When Is Debt A Problem?
Debt is a tool to help businesses grow, but if a business is incapable of paying off its lenders, then it exists at their mercy. Ultimately, if the company can't fulfill its legal obligations to repay debt, shareholders could walk away with nothing. However, a more usual (but still expensive) situation is where a company must dilute shareholders at a cheap share price simply to get debt under control. Of course, the upside of debt is that it often represents cheap capital, especially when it replaces dilution in a company with the ability to reinvest at high rates of return.

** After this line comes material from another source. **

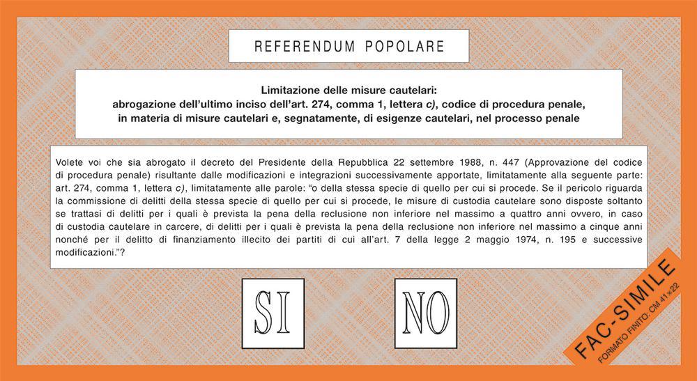 Volete voi che sia abrogato il Decreto del Presidente della Repubblica 22 settembre 1988, n. 447 (Approvazione del codice di procedura penale), risultante dalle modificazioni e integrazioni successivamente apportate, limitatamente alla seguente parte: articolo 274, comma 1, lettera c), limitatamente alle parole: “o della stessa specie di quello per cui si procede. Se il pericolo riguarda la commissione di delitti della stessa specie di quello per cui si procede, le misure di custodia cautelare sono disposte soltanto se trattasi di delitti per i quali è prevista la pena della reclusione non inferiore nel massimo a quattro anni ovvero, in caso di custodia cautelare in carcere, di delitti per i quali è prevista la pena della reclusione non inferiore nel massimo a cinque anni nonché’ per il delitto di finanziamento illecito dei partiti di cui all’articolo 7 della legge 2 maggio 1974, n. 195 e successive modificazioni.”?

The first thing to do when considering how much debt a business uses is to look at its cash and debt together.
See our latest analysis for Pritish Nandy Communications
What Is Pritish Nandy Communications's Debt?
The chart below, which you can click on for greater detail, shows that Pritish Nandy Communications had ₹42.2m in debt in March 2019; about the same as the year before. However, its balance sheet shows it holds ₹75.4m in cash, so it actually has ₹33.2m net cash.
A Look At Pritish Nandy Communications's Liabilities
Zooming in on the latest balance sheet data, we can see that Pritish Nandy Communications had liabilities of ₹86.7m due within 12 months and liabilities of ₹141.1m due beyond that. Offsetting these obligations, it had cash of ₹75.4m as well as receivables valued at ₹42.0m due within 12 months. So its liabilities outweigh the sum of its cash and (near-term) receivables by ₹110.5m.
This deficit isn't so bad because Pritish Nandy Communications is worth ₹208.8m, and thus could probably raise enough capital to shore up its balance sheet, if the need arose. But it's clear that we should definitely closely examine whether it can manage its debt without dilution. While it does have liabilities worth noting, Pritish Nandy Communications also has more cash than debt, so we're pretty confident it can manage its debt safely.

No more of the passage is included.